# Records provided
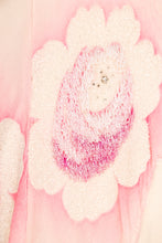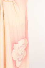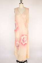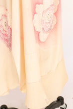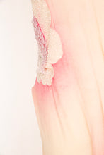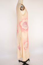 A gorgeous 1920s - antique dress. Beige with peachy pink tone silk chiffon. Unique asymmetric design. Stunning, super heavily done, intricate 3D floral beading win pinks and ivory with air brushing surrounding. Sleeveless, V neck, relaxed fit. Pulls on with no closures - keep in mind when considering fit. Unlined and semi-sheer.
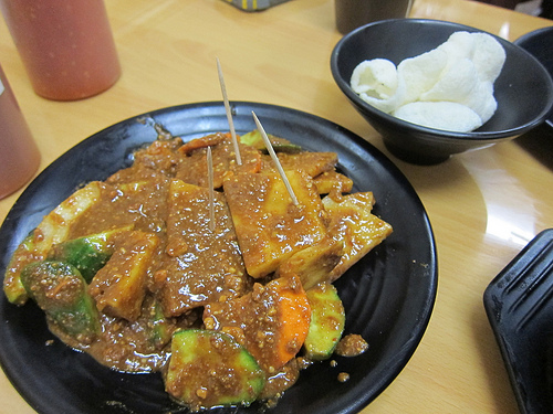 At first I was thinking of the gado gado (steamed veggies with peanut sauce) to compare to Simpang Asia’s but we ended up getting the rujak which was cucumber, jicama, pineapple and sweet potato topped with a shrimp paste peanut sauce. It’s not as weird as you think though I think our server thought we’d hate it. I actually liked the sauce best with the pineapple! The shrimp chips showed up with this dish and I approved of this because shrimp chips and hard-boiled eggs seem to be hallmarks of Indo cuisine– that and noodles.
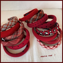 高级感红色格子发箍女新款发卡高颅顶洗脸压发头箍气质百搭女头饰
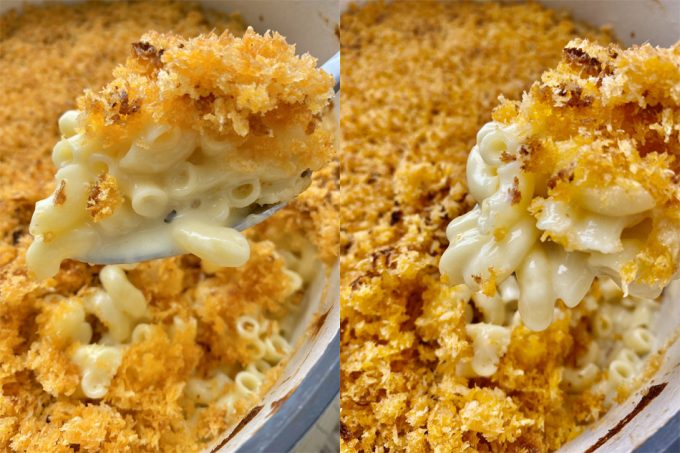 Preparar los ingredientes del gratinado crujiente mezclándolos, es importante que la mantequilla esté fundida y se mezcle muy bien con el panko y el queso rallado. Cubrir los macarrones con queso con este preparado y llevar al horno.
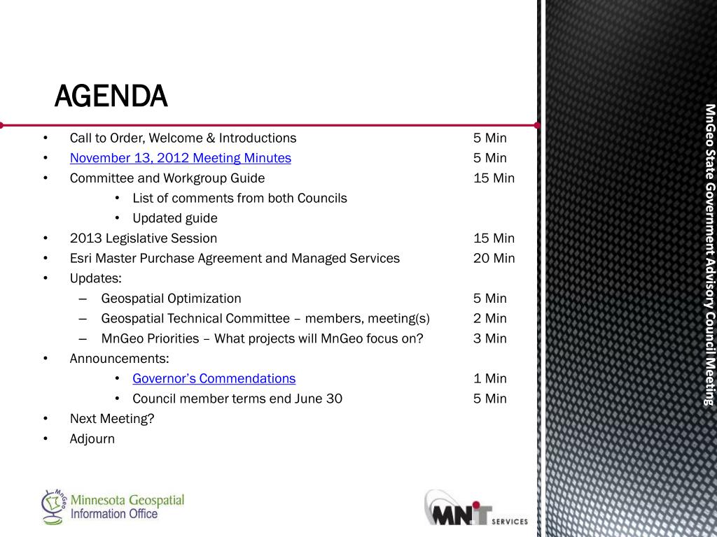 AGENDA • Call to Order, Welcome & Introductions 5 Min • November 13, 2012 Meeting Minutes 5 Min • Committee and Workgroup Guide 15 Min • List of comments from both Councils • Updated guide • 2013 Legislative Session 15 Min • Esri Master Purchase Agreement and Managed Services 20 Min • Updates: • Geospatial Optimization 5 Min • Geospatial Technical Committee – members, meeting(s) 2 Min • MnGeo Priorities – What projects will MnGeo focus on? 3 Min • Announcements: • Governor’s Commendations 1 Min • Council member terms end June 30 5 Min • Next Meeting? • Adjourn
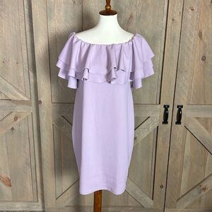 Pink blush mauve pink layered ruffle off shoulder fitted maternity dress Large
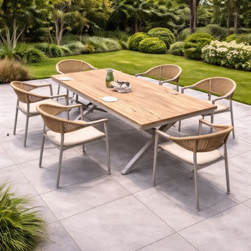 Ovaj vrtni set je posebno dobar izbor za kupce koji ne žele pojedinačno birati sto i stolice. Umjesto toga, dobijaju komplet koji djeluje povezano i uredno, što olakšava opremanje prostora. Takav vrtni set odgovara porodičnim kućama, vikendicama, natkrivenim terasama i dvorištima gdje je važno imati dovoljno mjesta za više osoba bez osjećaja skučenosti.
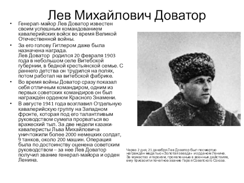 Генерал-майор Лев Доватор известен своим успешным командованием кавалерийских войск
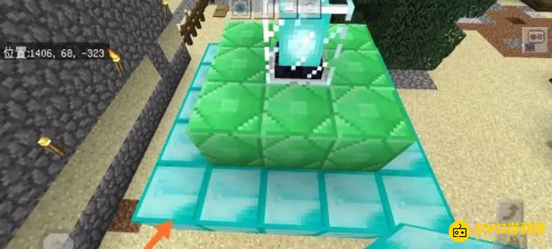 6.然后我们继续向下延伸,在第三格使用钻石块,制造一个5x5的钻石基座

# Task objective
Nothing but the lines from the line containing "Pink blush mauve" to the end of the records above should be repeated, exactly and with every picture omitted.

# Written solution
 Pink blush mauve pink layered ruffle off shoulder fitted maternity dress Large
 Ovaj vrtni set je posebno dobar izbor za kupce koji ne žele pojedinačno birati sto i stolice. Umjesto toga, dobijaju komplet koji djeluje povezano i uredno, što olakšava opremanje prostora. Takav vrtni set odgovara porodičnim kućama, vikendicama, natkrivenim terasama i dvorištima gdje je važno imati dovoljno mjesta za više osoba bez osjećaja skučenosti.
 Генерал-майор Лев Доватор известен своим успешным командованием кавалерийских войск
 6.然后我们继续向下延伸,在第三格使用钻石块,制造一个5x5的钻石基座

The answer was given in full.